**Work instruction:** Lower down are entries containing pictures. Copy exactly, without those pictures, the lines from the line with "犬猫生活株式会社~」【開催日時】 2025年9月15日(月・祝) 15:00-20:00(譲渡会は19:00まで)" through the line with "由图可见,汉代豫章郡之地,包".

**Supplied entries:**
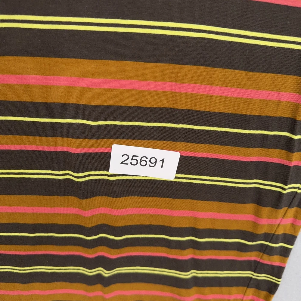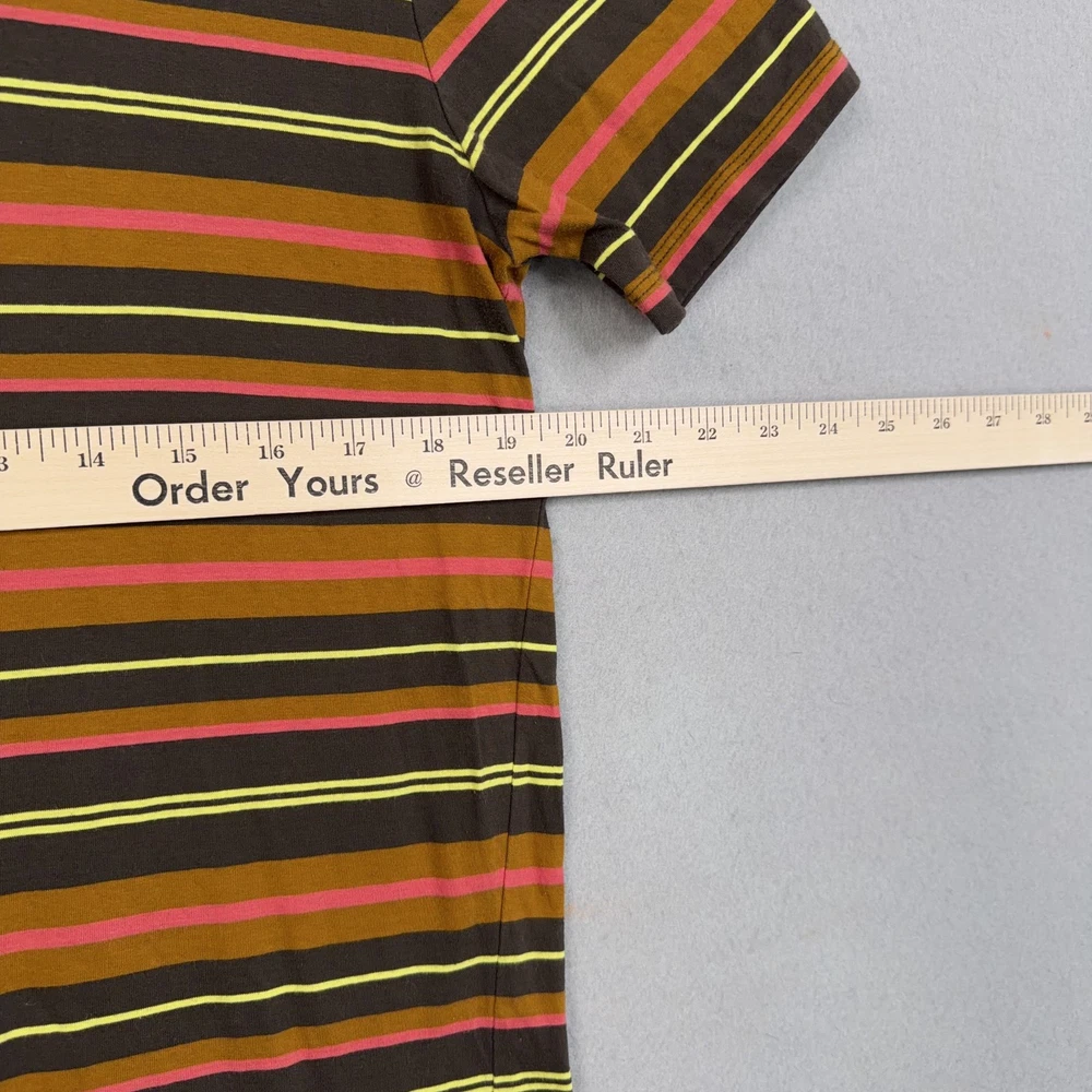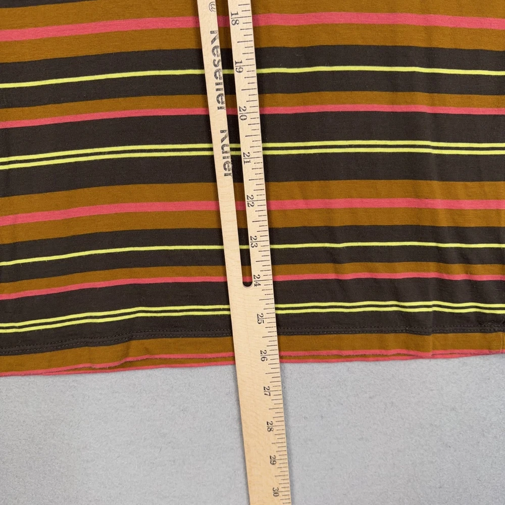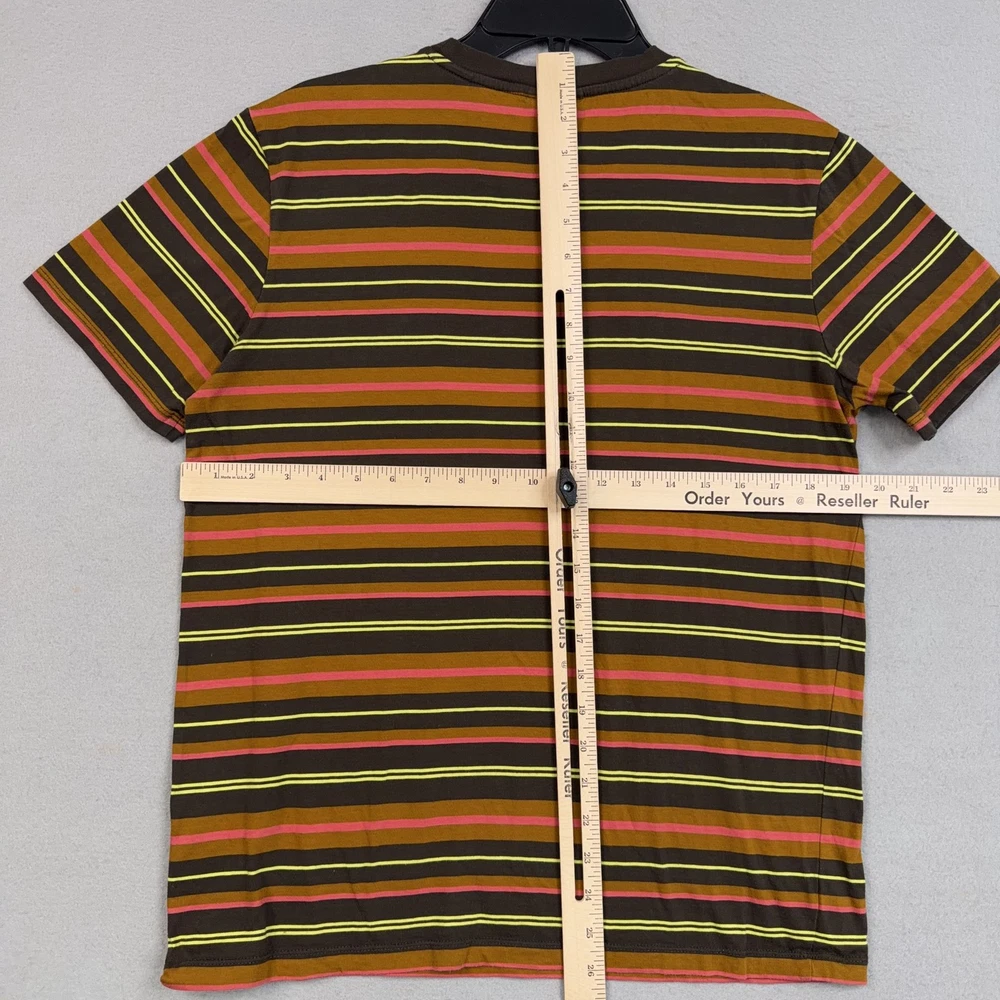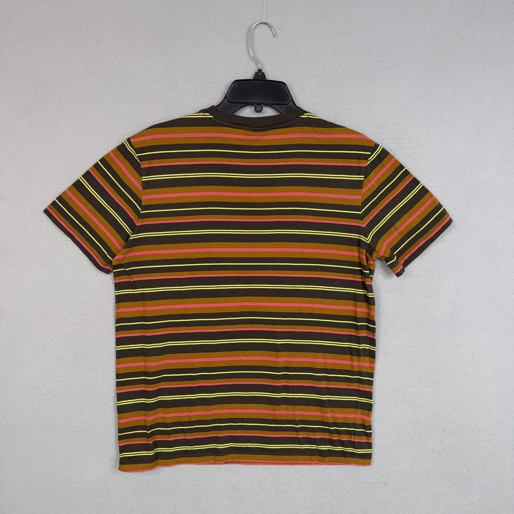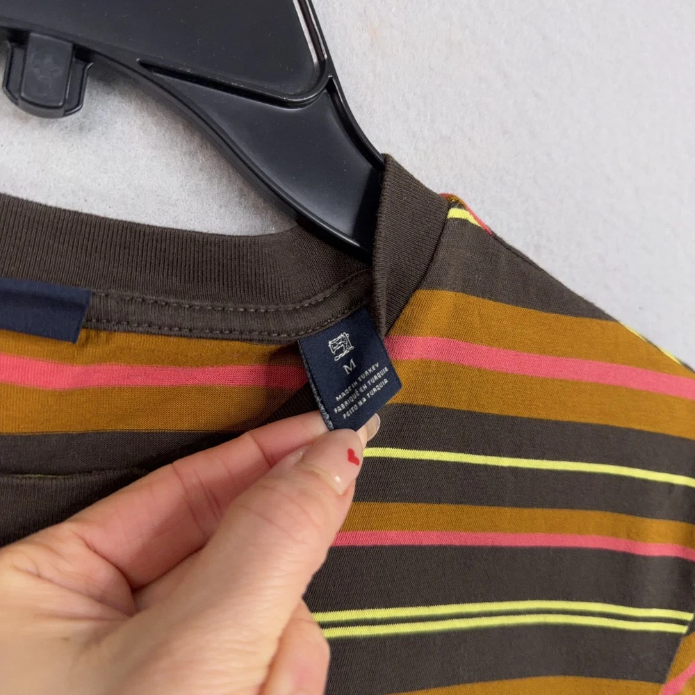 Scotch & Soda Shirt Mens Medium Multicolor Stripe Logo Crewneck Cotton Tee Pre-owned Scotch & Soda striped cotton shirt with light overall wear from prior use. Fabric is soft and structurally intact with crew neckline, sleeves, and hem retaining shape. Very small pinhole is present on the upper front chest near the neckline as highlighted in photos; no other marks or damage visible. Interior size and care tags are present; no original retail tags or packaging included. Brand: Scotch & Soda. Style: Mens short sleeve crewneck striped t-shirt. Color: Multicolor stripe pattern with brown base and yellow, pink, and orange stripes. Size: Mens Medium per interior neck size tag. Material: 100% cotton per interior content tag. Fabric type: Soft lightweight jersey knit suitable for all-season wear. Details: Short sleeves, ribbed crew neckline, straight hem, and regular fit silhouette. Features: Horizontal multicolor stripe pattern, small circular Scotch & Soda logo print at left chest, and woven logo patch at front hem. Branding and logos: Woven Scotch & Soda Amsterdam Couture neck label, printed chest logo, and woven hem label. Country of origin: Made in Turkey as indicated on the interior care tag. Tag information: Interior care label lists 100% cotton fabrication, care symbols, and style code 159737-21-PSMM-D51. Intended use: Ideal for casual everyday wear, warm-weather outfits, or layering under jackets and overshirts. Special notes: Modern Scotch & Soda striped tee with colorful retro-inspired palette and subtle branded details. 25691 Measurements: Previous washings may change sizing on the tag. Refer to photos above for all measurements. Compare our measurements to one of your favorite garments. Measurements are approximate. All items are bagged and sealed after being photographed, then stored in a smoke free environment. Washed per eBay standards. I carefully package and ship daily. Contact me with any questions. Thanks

...

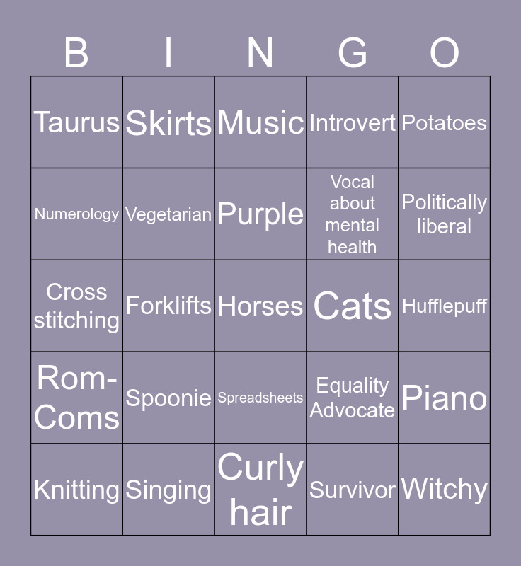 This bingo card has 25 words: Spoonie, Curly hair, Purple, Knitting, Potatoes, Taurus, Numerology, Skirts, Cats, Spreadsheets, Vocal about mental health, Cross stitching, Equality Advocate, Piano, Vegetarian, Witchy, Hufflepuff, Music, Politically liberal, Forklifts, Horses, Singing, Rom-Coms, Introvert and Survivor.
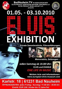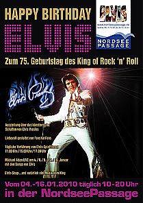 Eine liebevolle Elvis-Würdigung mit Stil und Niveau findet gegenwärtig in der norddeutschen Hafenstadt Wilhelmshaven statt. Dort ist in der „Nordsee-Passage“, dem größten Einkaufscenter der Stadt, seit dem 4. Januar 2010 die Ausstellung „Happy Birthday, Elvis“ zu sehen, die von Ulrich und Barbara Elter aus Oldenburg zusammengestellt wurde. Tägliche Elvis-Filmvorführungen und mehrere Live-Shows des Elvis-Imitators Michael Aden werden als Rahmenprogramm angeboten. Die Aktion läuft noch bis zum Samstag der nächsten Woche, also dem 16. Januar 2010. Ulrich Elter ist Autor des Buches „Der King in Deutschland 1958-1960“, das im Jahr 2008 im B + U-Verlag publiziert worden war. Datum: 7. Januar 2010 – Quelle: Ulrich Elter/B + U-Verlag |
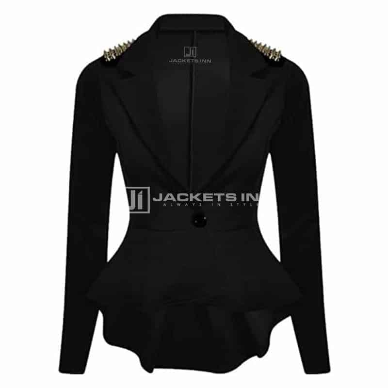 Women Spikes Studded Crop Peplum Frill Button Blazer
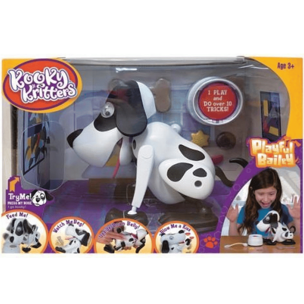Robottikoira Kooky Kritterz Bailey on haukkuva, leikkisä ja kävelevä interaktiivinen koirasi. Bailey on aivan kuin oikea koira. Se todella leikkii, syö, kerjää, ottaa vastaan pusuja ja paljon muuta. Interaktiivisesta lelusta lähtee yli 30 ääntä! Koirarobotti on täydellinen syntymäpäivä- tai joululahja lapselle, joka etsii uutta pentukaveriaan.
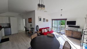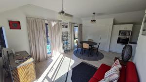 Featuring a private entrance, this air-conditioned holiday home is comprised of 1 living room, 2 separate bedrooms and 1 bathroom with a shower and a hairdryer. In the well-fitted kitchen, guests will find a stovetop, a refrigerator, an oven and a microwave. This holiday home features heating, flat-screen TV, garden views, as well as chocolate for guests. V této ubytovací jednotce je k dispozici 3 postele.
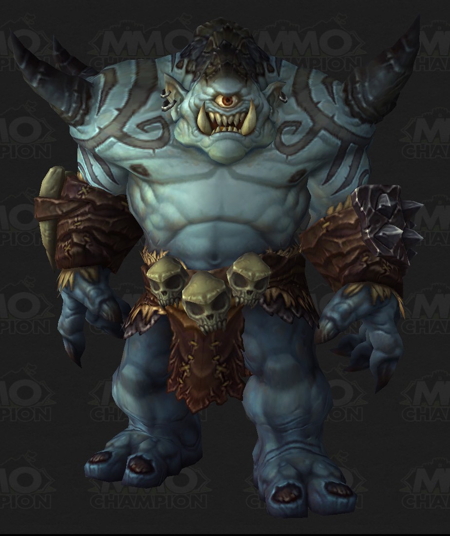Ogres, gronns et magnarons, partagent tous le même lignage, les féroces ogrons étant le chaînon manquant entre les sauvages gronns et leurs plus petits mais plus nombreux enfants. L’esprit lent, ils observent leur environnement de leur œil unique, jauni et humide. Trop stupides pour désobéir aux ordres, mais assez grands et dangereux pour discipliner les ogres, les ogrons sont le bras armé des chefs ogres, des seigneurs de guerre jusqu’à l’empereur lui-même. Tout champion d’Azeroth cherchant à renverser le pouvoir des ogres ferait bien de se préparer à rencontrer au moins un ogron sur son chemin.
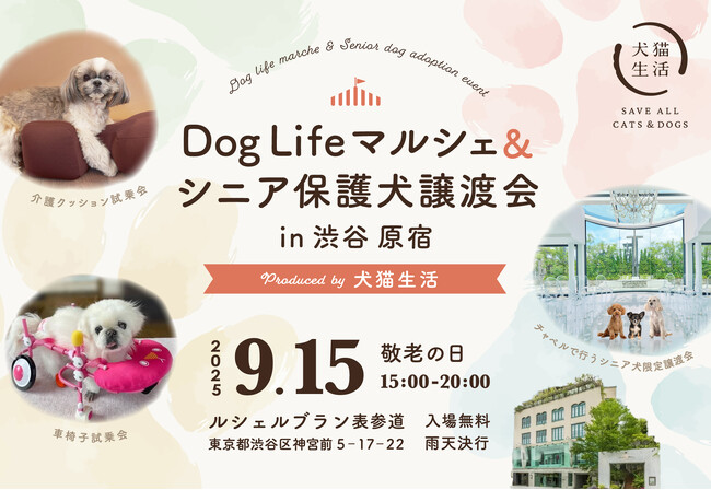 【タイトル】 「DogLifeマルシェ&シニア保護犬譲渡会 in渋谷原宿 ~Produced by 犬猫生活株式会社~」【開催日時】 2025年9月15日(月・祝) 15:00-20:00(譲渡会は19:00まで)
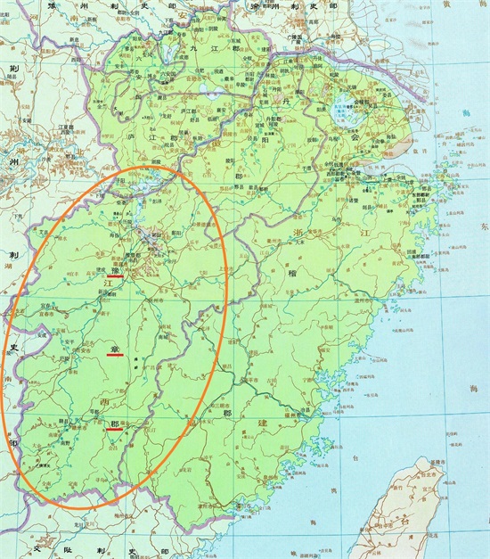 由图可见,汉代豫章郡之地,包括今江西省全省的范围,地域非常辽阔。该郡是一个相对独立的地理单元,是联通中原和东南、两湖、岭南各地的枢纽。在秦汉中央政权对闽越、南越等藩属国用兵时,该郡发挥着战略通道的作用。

--

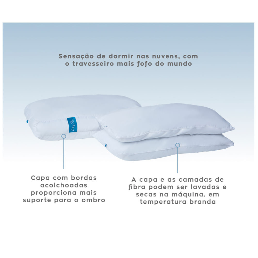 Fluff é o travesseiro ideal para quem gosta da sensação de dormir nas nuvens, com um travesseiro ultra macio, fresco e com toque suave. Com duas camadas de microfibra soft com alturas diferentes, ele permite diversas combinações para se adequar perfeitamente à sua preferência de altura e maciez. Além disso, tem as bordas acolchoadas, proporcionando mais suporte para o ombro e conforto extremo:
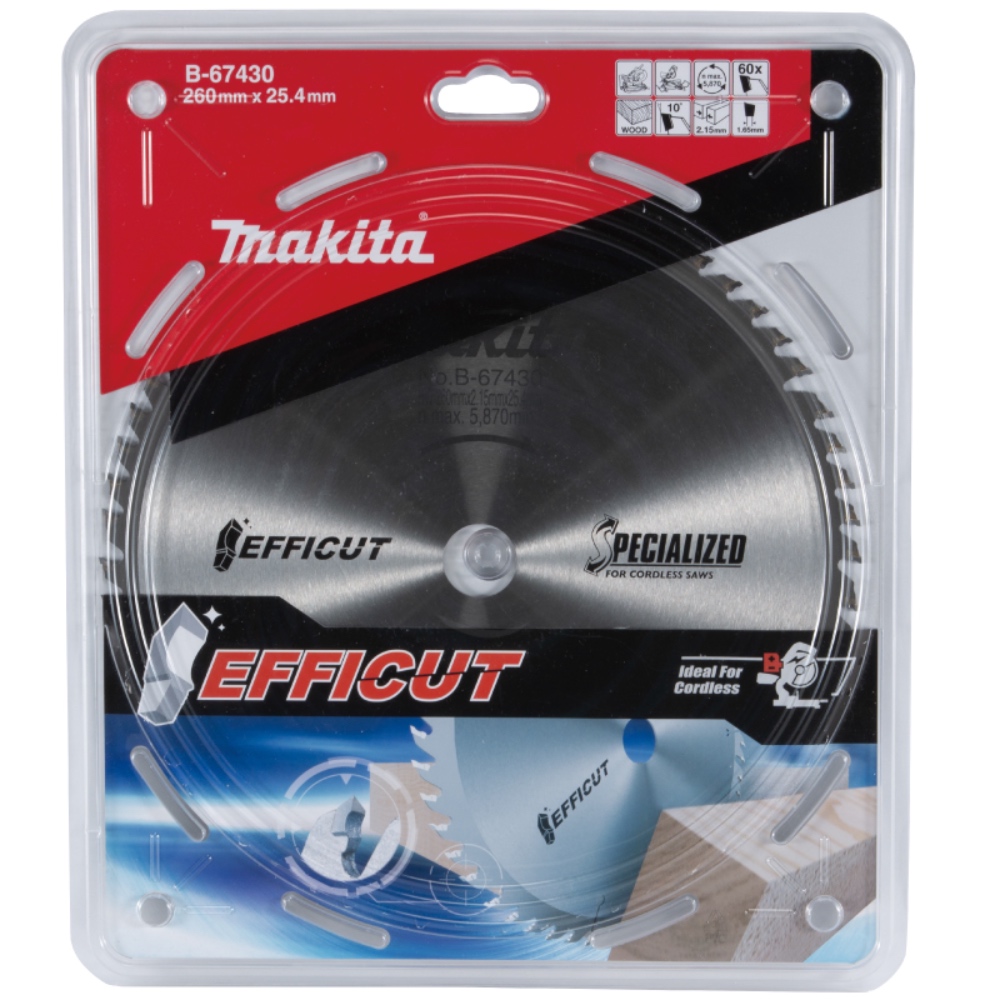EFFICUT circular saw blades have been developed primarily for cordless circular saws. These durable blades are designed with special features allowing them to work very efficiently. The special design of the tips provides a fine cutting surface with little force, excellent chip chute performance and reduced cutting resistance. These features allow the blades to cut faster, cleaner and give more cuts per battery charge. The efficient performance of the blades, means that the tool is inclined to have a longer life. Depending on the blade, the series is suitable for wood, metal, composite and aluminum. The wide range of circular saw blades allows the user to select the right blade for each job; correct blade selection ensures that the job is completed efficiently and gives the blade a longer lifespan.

**Response for this exercise:**
 【タイトル】 「DogLifeマルシェ&シニア保護犬譲渡会 in渋谷原宿 ~Produced by 犬猫生活株式会社~」【開催日時】 2025年9月15日(月・祝) 15:00-20:00(譲渡会は19:00まで)
 由图可见,汉代豫章郡之地,包括今江西省全省的范围,地域非常辽阔。该郡是一个相对独立的地理单元,是联通中原和东南、两湖、岭南各地的枢纽。在秦汉中央政权对闽越、南越等藩属国用兵时,该郡发挥着战略通道的作用。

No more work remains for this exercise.